It is well known that raising children as a single parent is not optimal for either parent or child(ren). But just how bad is it? Researchers in Sweden, relying on data gleaned from nine years of mortality, severe morbidity, and hospital inpatient records of nearly a million Swedish children included in the Swedish national registers, set out to determine just how being raised by a single parent effects the health and welfare of children. It is worth noting at the outset, as the authors do, that "In 1999, a quarter of all Swedish 17-year-olds had experienced their parents' separation."
The researchers investigated 65,085 children living with the same single parent in both 1985 and 1990, and compared their findings with 921,257 children living with two parents in both years. The authors found that children of single parents had increased risks of psychiatric disease, suicide or suicide attempt, injury, and addiction.
Even after adjusting for a number of factors, including the parent's mental health, addiction, or socioeconomic status, children of single parents still faced much tougher odds than children raised in two-parent homes: "...girls with single parents were more than twice as likely to commit suicide and more than three times as likely to die from an addiction to drugs or alcohol than were girls with two parents. Boys of single parents were more than five times more likely to die from an addiction to drugs or alcohol, more than three times as likely to die from a fall or poisoning, and four times more likely to die from external violence...."
Even using the most stringent statistical model, girls were twice as likely, and boys were two-and-a-half times as likely, to develop psychiatric disease (relative risk for girls 2.1 [95% CI 1.9-2.3] and boys 2.5 [2.3-2.8]). Both boys and girls were more likely to attempt suicide (girls 2.0 [1.9-2.2], boys 2.3 [2.1-2.6]) and to develop alcohol-related disease (girls 2.4 [2.2-2.7], boys 2.2 [2.0-2.4]). Boys raised by a single parent were four times as likely to develop narcotics-related disease, and girls were more than three times as likely (girls 3.2 [2.7-3.7], boys 4.0 [3.5-4.5]). Moreover, boys raised in a single-parent home experienced a much higher likelihood of "all-cause mortality," that is, of dying from any cause: "After adjustment for age, the risk of dying was more than 50% greater in boys in single-parent families than in those boys living with both parents"

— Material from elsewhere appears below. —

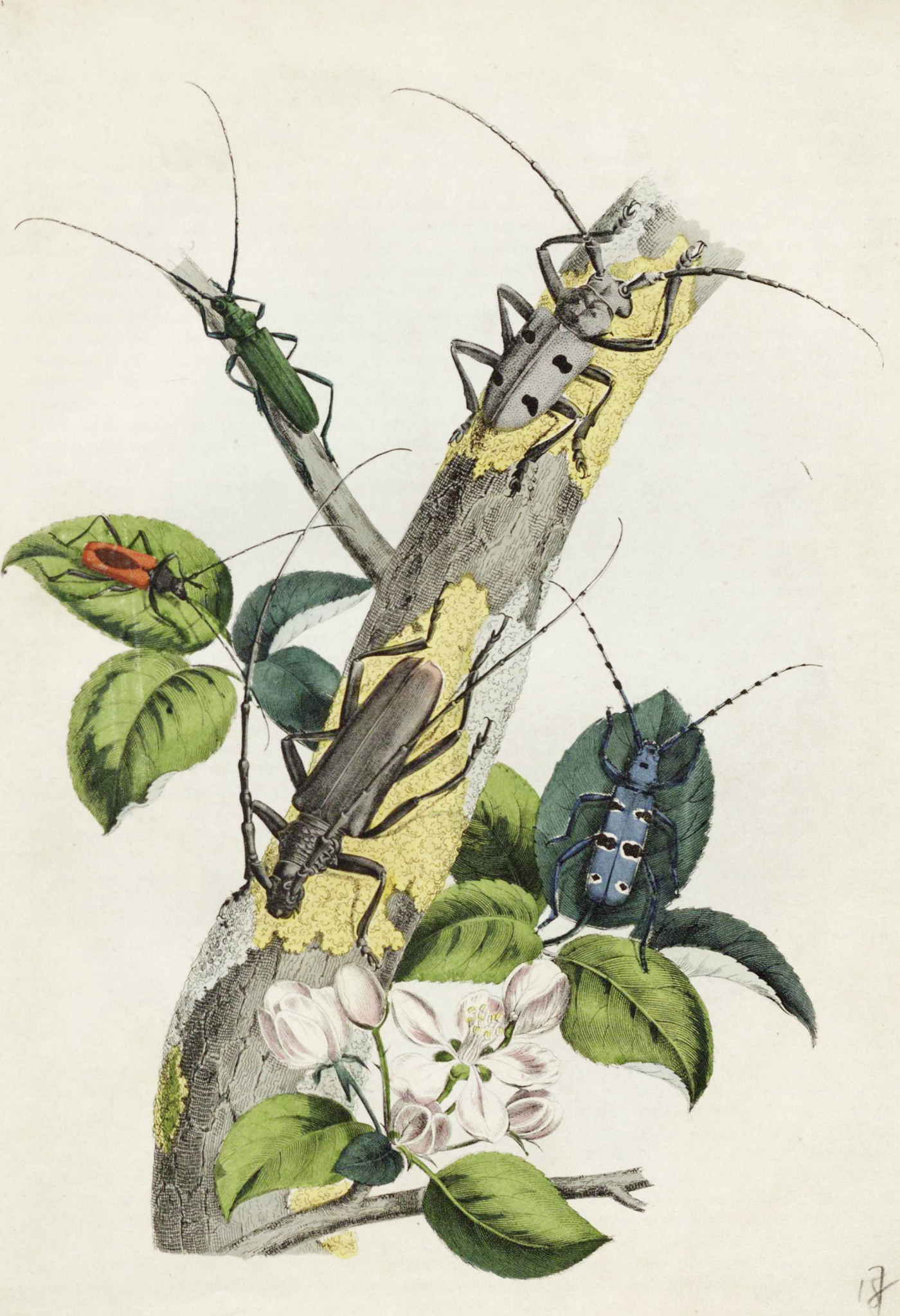 На прилагаемом рисунке изображено пять жуков-дровосеков, называемых также усачами и скрыпунами. Название усачей станет понятно всякому, кто посмотрит на рисунок; скрыпунами зовут их потому, что они издают странный, скрыпучий звук, когда возьмешь их в руки; наконец, дровосеками они называются потому, что истребляют большое количество лесу, не хуже какого-нибудь дровосека на двух ногах. <…>

The researchers conclude, after four iterations of adjusting the results, that, in the end, the effects of having just one parent cannot be explained by socioeconomics, parental status or health, or even addiction: "...even when a wide range of demographic and socioeconomic circumstances are included in multivariate models, children of single parents still have increased risks of mortality, severe morbidity, and injury," and, "...for all outcomes, significant increases in risk remained unaccounted for even in the fully adjusted model."
No amount of massaging the figures, or of adjusting for confounding variables, will ever be able to explain away the reality that children need both parents at home. With due respect to our Swedish friends, any attempt to deny this truth simply leaves a bad taste in one's mouth.